### ABOUT THIS TASK:
Use the entries below and reproduce exactly the lines from the one containing "乒乓球亚洲杯:2月8日赛程公布!将诞生两项冠军,国乒迎战张本美和" down to the one containing "В основе конструкции", both of them included.

### EXERCISE MATERIAL:
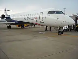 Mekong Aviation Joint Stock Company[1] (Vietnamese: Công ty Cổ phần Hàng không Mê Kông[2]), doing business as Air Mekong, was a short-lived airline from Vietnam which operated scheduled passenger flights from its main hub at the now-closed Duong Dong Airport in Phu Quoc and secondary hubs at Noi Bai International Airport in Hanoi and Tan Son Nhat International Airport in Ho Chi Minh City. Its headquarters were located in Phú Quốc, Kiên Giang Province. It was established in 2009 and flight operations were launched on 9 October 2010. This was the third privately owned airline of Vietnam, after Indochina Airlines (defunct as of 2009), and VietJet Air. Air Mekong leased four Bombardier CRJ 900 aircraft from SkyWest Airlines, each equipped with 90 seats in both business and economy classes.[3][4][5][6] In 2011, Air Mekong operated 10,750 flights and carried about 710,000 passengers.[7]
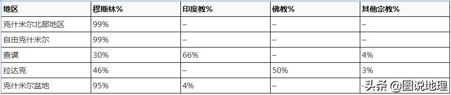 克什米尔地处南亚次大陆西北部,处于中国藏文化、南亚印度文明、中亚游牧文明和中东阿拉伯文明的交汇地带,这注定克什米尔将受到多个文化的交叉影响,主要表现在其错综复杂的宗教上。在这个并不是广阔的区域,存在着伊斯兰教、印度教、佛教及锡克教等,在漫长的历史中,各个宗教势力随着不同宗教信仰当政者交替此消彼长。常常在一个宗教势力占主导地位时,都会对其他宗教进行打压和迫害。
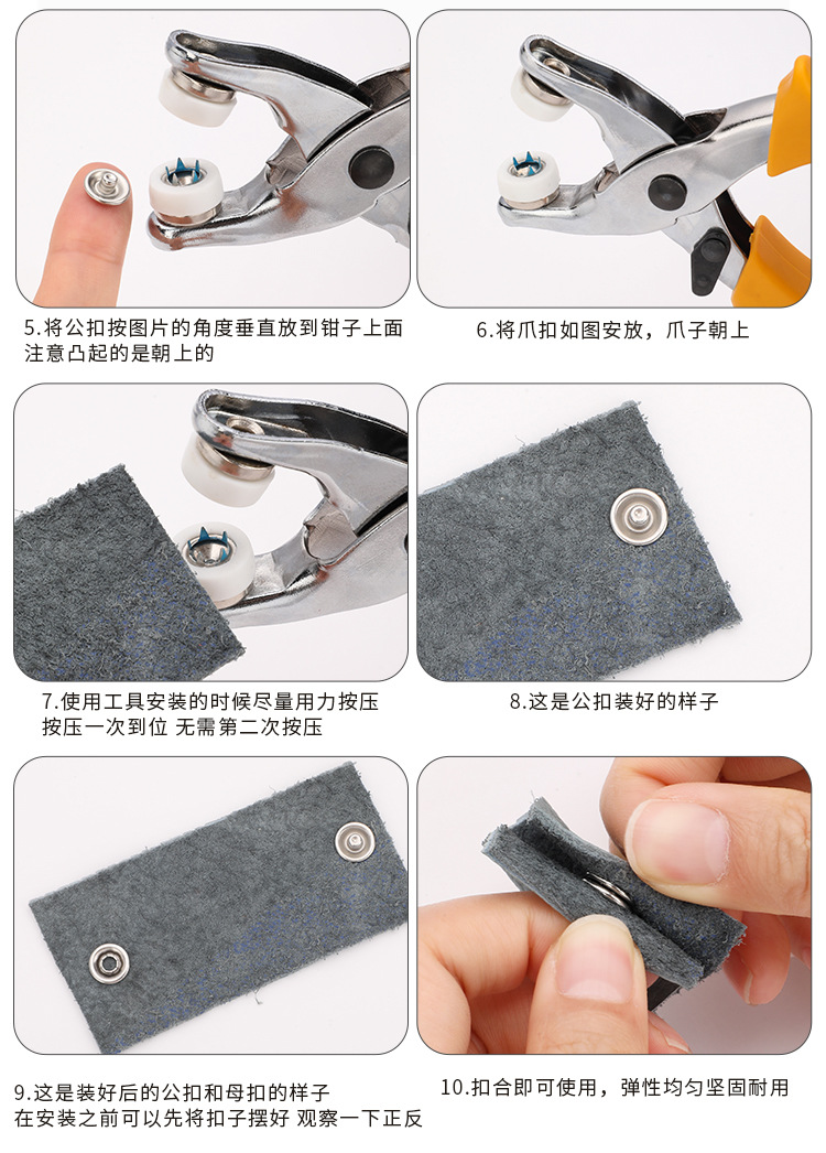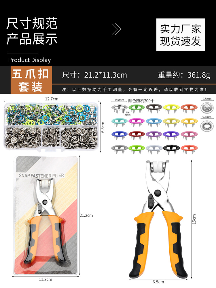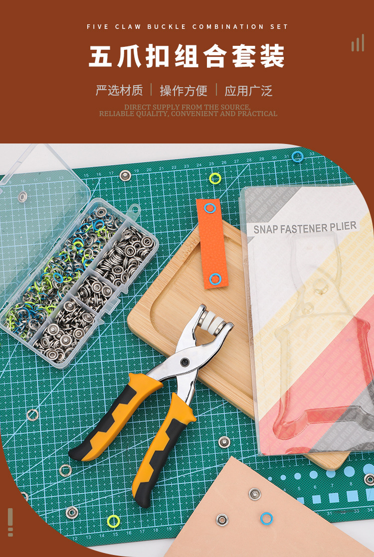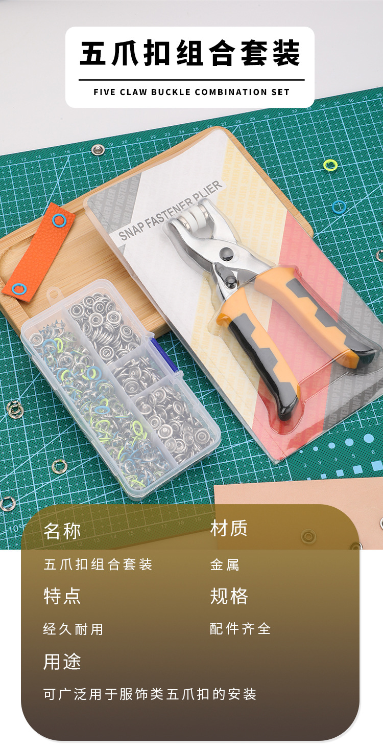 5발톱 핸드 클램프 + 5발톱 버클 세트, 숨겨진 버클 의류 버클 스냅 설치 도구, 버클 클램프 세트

---

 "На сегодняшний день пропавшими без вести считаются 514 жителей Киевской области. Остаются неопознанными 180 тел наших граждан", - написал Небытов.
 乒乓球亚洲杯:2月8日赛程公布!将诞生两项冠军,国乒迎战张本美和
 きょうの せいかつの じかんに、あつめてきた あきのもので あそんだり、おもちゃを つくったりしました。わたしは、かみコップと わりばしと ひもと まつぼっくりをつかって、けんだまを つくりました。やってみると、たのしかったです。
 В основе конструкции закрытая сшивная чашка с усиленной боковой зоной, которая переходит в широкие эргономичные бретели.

### EXERCISE RESPONSE:
 乒乓球亚洲杯:2月8日赛程公布!将诞生两项冠军,国乒迎战张本美和
 きょうの せいかつの じかんに、あつめてきた あきのもので あそんだり、おもちゃを つくったりしました。わたしは、かみコップと わりばしと ひもと まつぼっくりをつかって、けんだまを つくりました。やってみると、たのしかったです。
 В основе конструкции закрытая сшивная чашка с усиленной боковой зоной, которая переходит в широкие эргономичные бретели.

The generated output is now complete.